Após as propriedades de pertinência, homogeneidade, exaustividade, saturação, amplitude e precisão serem satisfeitas (MORAES; GALIAZZI, 2006, 2007) com um mapa mental unificado (decorrente de vários mapas), foi possível compreender que existem conceitos principais e conceitos subordinados. Dentre esses, foi efetivada a separação pela perspectiva dos valores, como no Quadro 1:

Fonte: (CARDOSO, 2017) a partir das obras de Lacey listadas acima.

Quadro 1 Organização dos conceitos principais (em negrito), conceitos secundários e valores 

No topo do Quadro 1 está o conceito de bem-estar social, que pode estar voltado tanto para o bem-estar amplo, como para o bem-estar de uma parcela mínima da sociedade. Lacey problematiza o conceito de bem-estar dentro do fenômeno tecnocientífico, analisando os valores dentro e fora desse fenômeno. Há uma relação de dependência entre a perspectiva de valor adotada (conjunto de valores) e o bem-estar ligado à concepção de desenvolvimento de uma sociedade (também pode ser uma comunidades específicas e dependentes do contexto).

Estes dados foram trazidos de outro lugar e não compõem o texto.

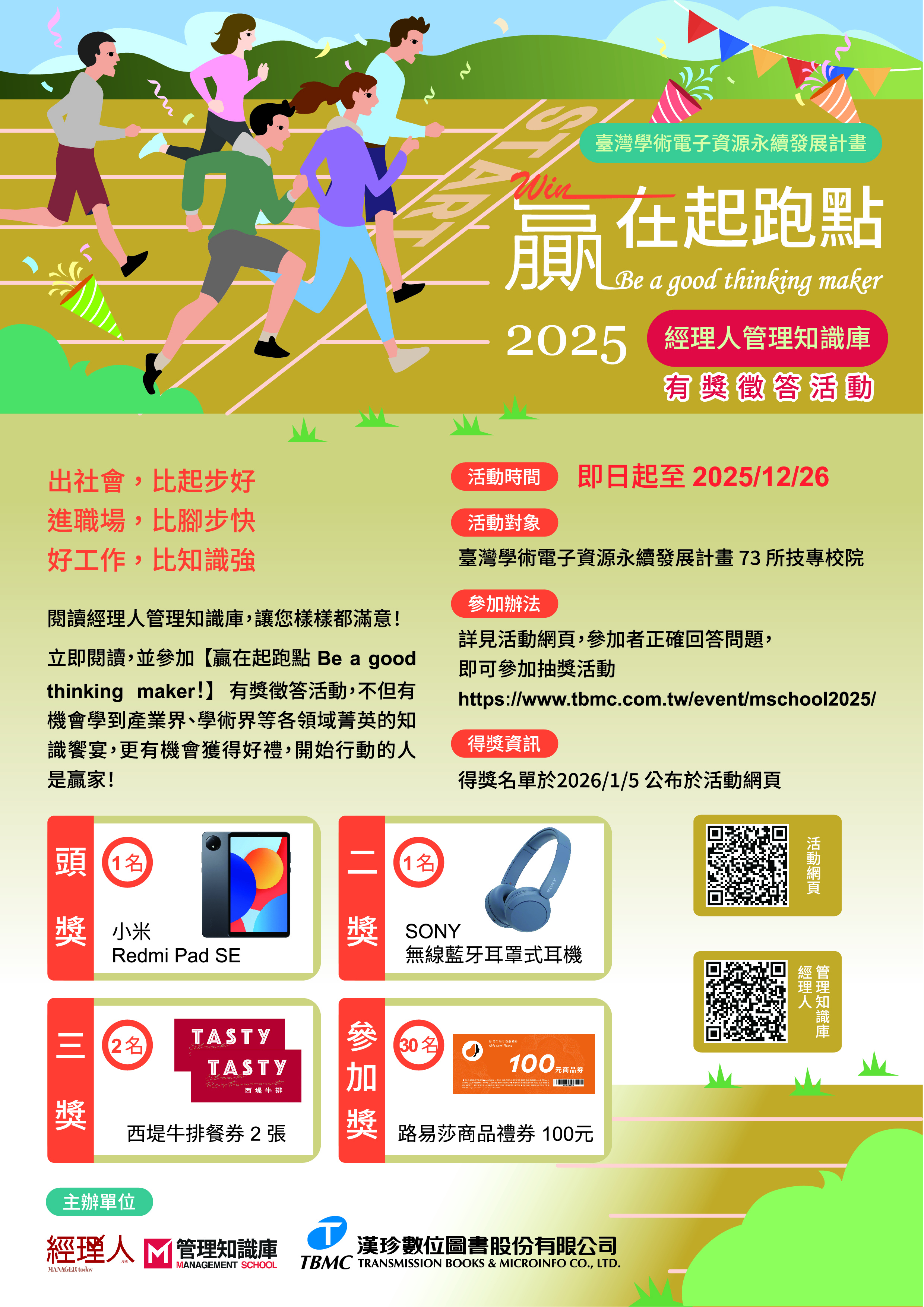 參加辦法:詳見活動網頁,參加者正確回答問題,即可參加抽獎活動 「經理人管理知識庫」連線網址:https://elib.infolinker.com.tw/mschool/login_mschool.php (校外使用請先登入「電子資源查詢系統」)活動禮品:小米 Redmi Pad SE、SONY 無線藍芽耳罩式耳機、西堤牛排餐券、路易莎商品禮券 即刻起,立即閱讀並參加活動,就有機會獲得好禮,開始行動的人是贏家!
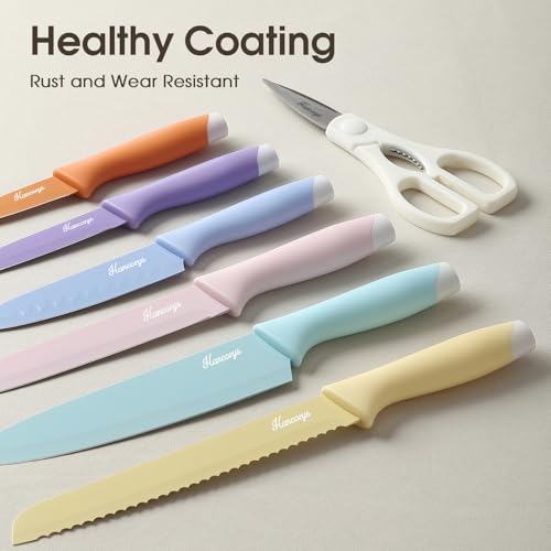 Click for More Images ?PREMIUM HIGH-CARBON STAINLESS STEEL & SHARPENER & CERAMIC COATING FOR LONG-LASTING SHARPNESS??Crafted from high-quality steel, this knife set boasts an incredibly sharp blade, which makes it slices through food like butter....
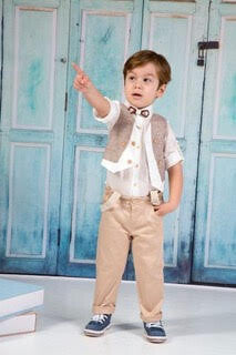 Each Mi Chiamo baptismal gown is unique and distinguishes itself for its high quality craftsmanship. Our collection is designed in a variety of colors and textures, while still capturing the elegance and beauty of each garment. Each garment is HANDMADE in Greece, comes with a bow tie or tie, hat and coordinating accessories. A4172 brown and ivory check vest, ivory linen shirt and pant comes with a fedora hat and wooden bow tie.

Pela abordagem do artigo, colocamos o desenvolvimento social como categoria mais ampla, que pode ser avaliada pela perspectiva de valor adotada por uma sociedade, comunidade, país ou tradição, em que possuem três categorias principais: entendimento científico, estratégia e produto tecnocientífico. As categorias secundárias, também, subordinadas à perspectiva de valor adotada caracterizam os conceitos principais, como será mostrado na sessão dedicada à associação entre Lacey e a educação CTS.

À seguir, expressaremos, brevemente, os conceitos principais para compreensão da associação a ser realizada. Detalhes referentes à objetividade mantida pelas citações diretas podem ser encontradas de forma mais robusta em Cardoso (2017).

1.1. ENTENDIMENTO CIENTÍFICO E O IDEAL DA IMPARCIALIDADE

O entendimento científico está ligado a um objetivo e responde perguntas sobre o que é? por quê? esse objeto ou fenômeno é o que é; e como? ou seja, qual seria o inventário de suas possibilidades? Para obter entendimento científico de um objeto, ou um conjunto de fenômenos, é necessário compreender sua natureza em sua ordem subjacente, determinando suas propriedades, comportamentos e relações entre variáveis (ex: temperatura, pressão, tempo etc.), de forma a criar teorias científicas sustentadas por valores cognitivos manifestados em alto grau. Dentre eles: a adequação empírica, compatibilidade, consistência teórica, simplicidade, poder explicativo, fecundidade, etc. e que, para incluir qualquer valor cognitivo na lista, deve satisfazer as condições necessárias, de modo a:

[...] 1) explicar (mediante reconstrução racional) as escolhas de teoria efetivamente realizadas pela comunidade científica; e 2) que sua significação cognitiva ou racional seja bem sustentada [...] devem cumprir tantos encargos explicativos quanto normativos (LACEY, 2008a, p. 88).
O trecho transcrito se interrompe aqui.